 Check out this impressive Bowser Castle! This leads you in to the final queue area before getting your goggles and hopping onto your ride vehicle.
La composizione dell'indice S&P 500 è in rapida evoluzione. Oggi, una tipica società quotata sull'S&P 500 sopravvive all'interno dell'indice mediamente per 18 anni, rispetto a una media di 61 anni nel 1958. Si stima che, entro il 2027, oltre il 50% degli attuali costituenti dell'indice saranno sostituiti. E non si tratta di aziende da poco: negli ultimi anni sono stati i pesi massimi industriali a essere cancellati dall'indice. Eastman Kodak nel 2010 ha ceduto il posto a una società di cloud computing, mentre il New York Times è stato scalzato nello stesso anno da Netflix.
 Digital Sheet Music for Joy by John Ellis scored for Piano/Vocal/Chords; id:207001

########

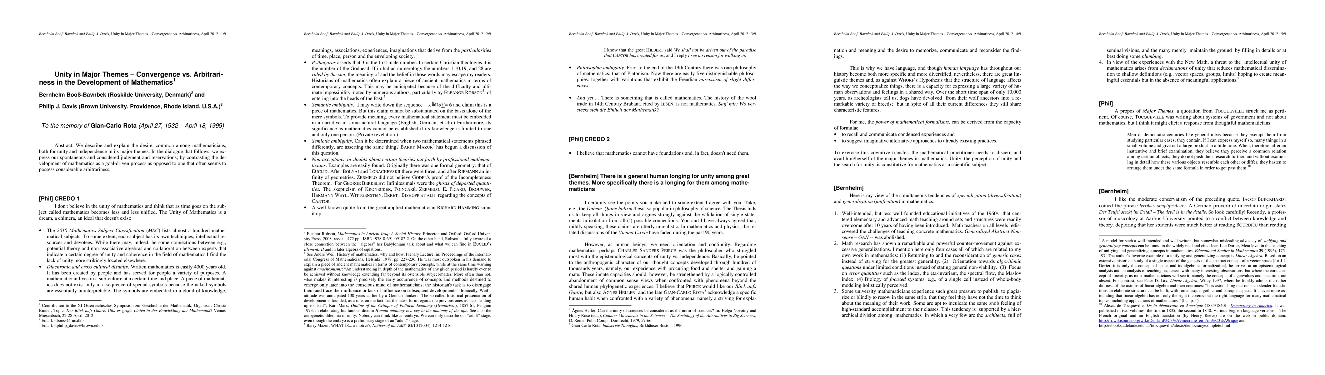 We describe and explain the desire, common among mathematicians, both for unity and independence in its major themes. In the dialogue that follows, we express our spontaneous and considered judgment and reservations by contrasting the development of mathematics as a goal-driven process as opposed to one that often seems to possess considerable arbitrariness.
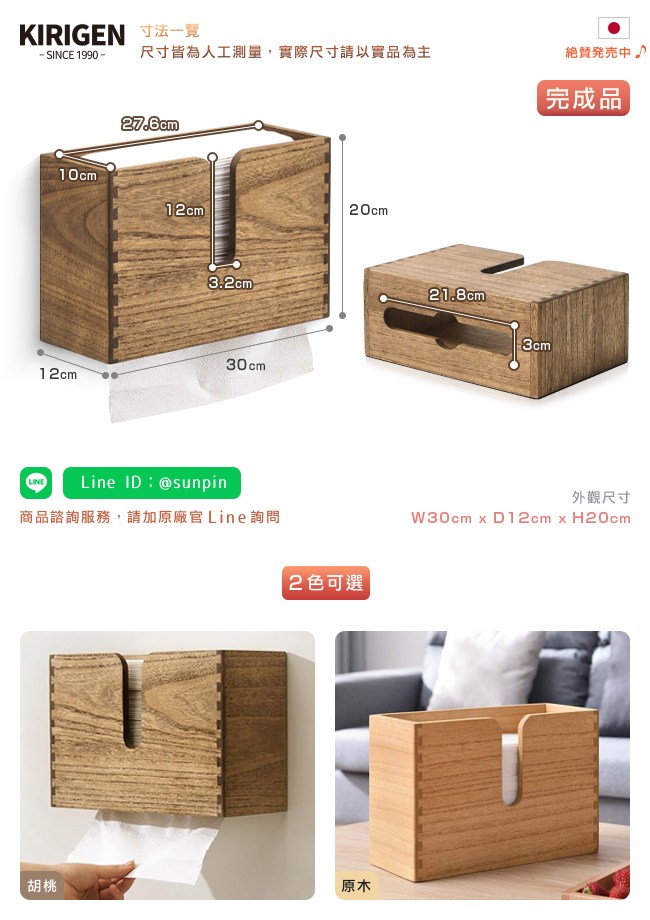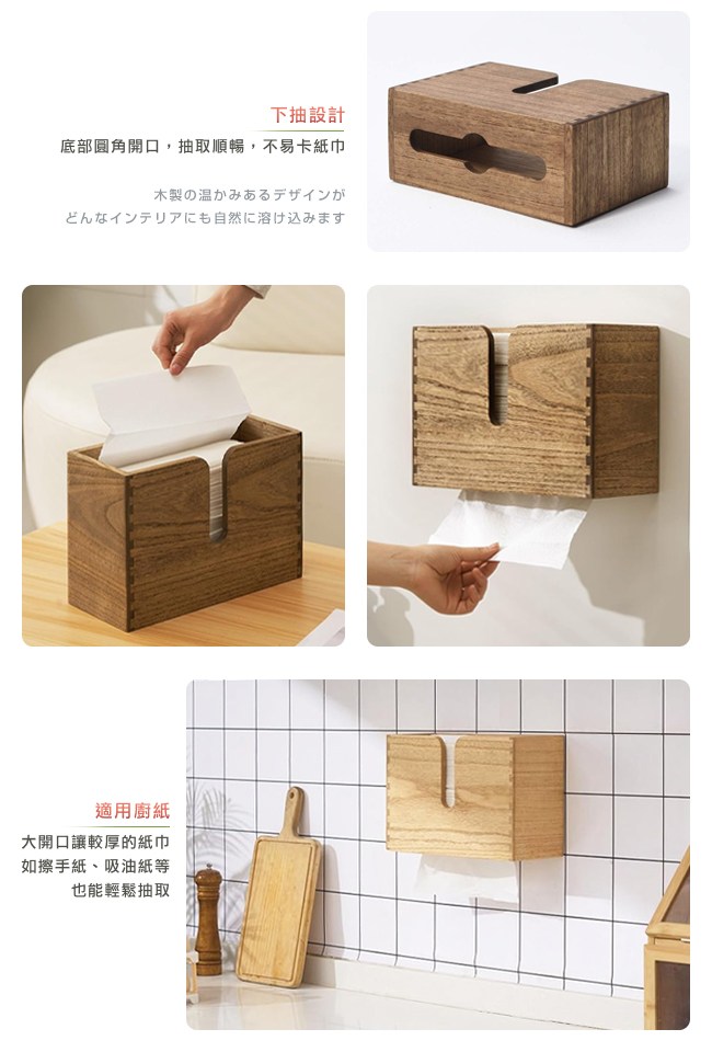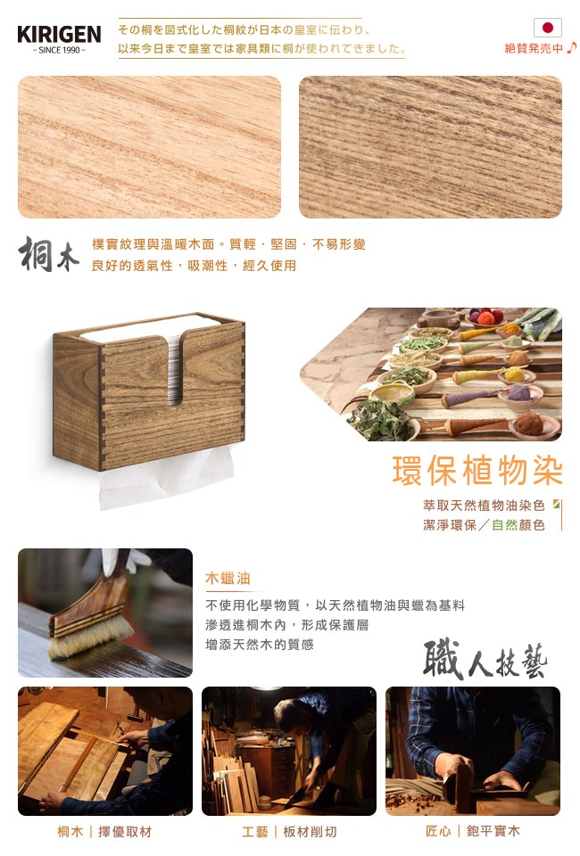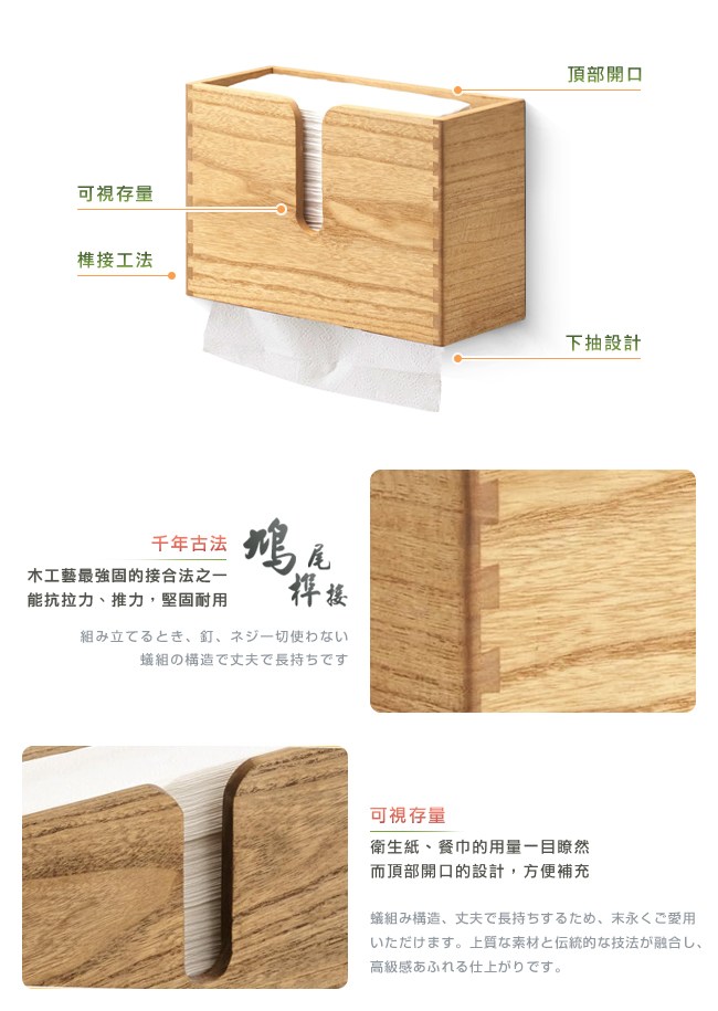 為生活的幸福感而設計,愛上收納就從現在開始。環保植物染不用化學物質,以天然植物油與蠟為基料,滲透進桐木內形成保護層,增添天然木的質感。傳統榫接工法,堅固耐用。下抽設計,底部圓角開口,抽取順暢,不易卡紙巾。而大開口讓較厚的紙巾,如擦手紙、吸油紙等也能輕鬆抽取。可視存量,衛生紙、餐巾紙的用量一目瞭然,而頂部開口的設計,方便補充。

########

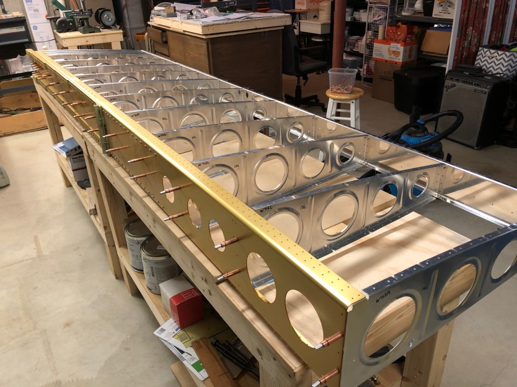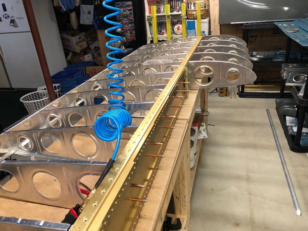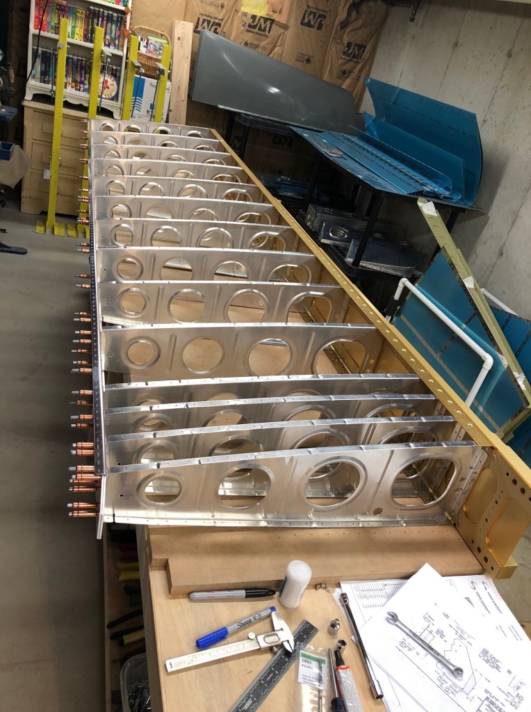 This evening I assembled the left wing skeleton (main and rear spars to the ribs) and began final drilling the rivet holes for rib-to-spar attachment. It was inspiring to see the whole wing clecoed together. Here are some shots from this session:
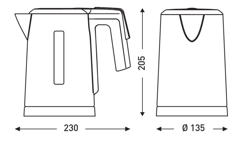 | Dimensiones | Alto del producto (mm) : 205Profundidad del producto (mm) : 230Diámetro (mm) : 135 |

########

> **Your task**:
Using the records above, write out exactly the lines between the one holding "La composizione dell'indice" and the one holding "Digital Sheet Music", inclusive; leave everything else out.

> **Answer to this problem**:
La composizione dell'indice S&P 500 è in rapida evoluzione. Oggi, una tipica società quotata sull'S&P 500 sopravvive all'interno dell'indice mediamente per 18 anni, rispetto a una media di 61 anni nel 1958. Si stima che, entro il 2027, oltre il 50% degli attuali costituenti dell'indice saranno sostituiti. E non si tratta di aziende da poco: negli ultimi anni sono stati i pesi massimi industriali a essere cancellati dall'indice. Eastman Kodak nel 2010 ha ceduto il posto a una società di cloud computing, mentre il New York Times è stato scalzato nello stesso anno da Netflix.
 Digital Sheet Music for Joy by John Ellis scored for Piano/Vocal/Chords; id:207001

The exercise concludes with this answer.